Exercise description: Starting at the line containing "Atril de madera" and ending at the line containing "A questo punto", transcribe the listing below exactly. Keep both end lines, skip the pictures, and copy nothing else.

Data for this exercise:
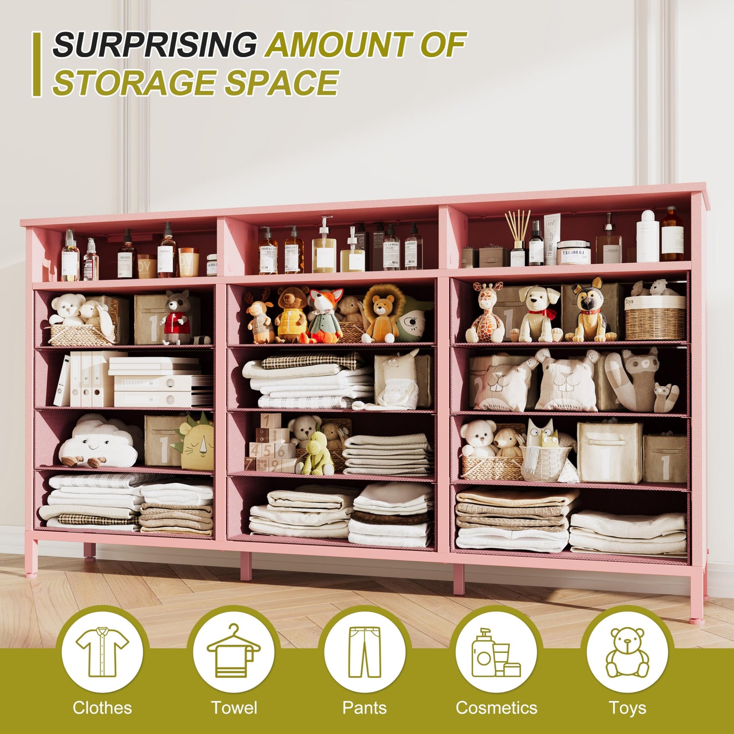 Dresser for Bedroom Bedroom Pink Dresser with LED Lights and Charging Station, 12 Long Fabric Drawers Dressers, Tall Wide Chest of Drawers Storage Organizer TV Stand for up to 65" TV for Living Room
* * *
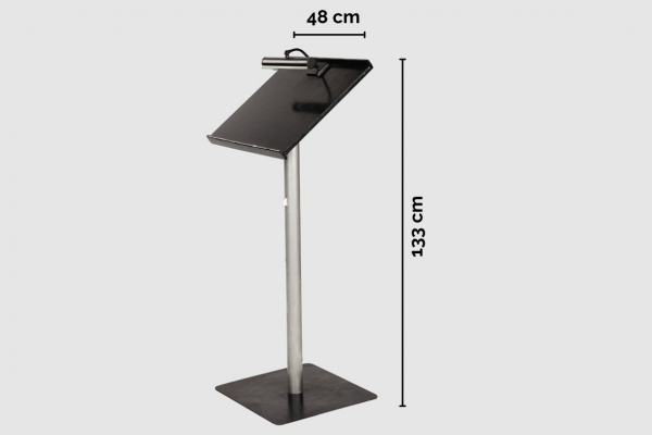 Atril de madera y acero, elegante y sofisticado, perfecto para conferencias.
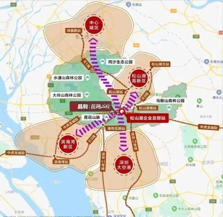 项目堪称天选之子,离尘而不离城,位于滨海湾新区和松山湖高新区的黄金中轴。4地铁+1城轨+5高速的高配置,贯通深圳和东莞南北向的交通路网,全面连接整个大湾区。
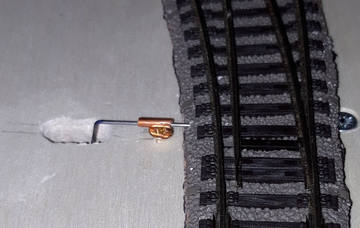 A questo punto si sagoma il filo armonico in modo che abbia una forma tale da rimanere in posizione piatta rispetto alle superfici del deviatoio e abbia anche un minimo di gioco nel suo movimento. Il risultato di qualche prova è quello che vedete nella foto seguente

Solution to the exercise:
 Atril de madera y acero, elegante y sofisticado, perfecto para conferencias.
 项目堪称天选之子,离尘而不离城,位于滨海湾新区和松山湖高新区的黄金中轴。4地铁+1城轨+5高速的高配置,贯通深圳和东莞南北向的交通路网,全面连接整个大湾区。
 A questo punto si sagoma il filo armonico in modo che abbia una forma tale da rimanere in posizione piatta rispetto alle superfici del deviatoio e abbia anche un minimo di gioco nel suo movimento. Il risultato di qualche prova è quello che vedete nella foto seguente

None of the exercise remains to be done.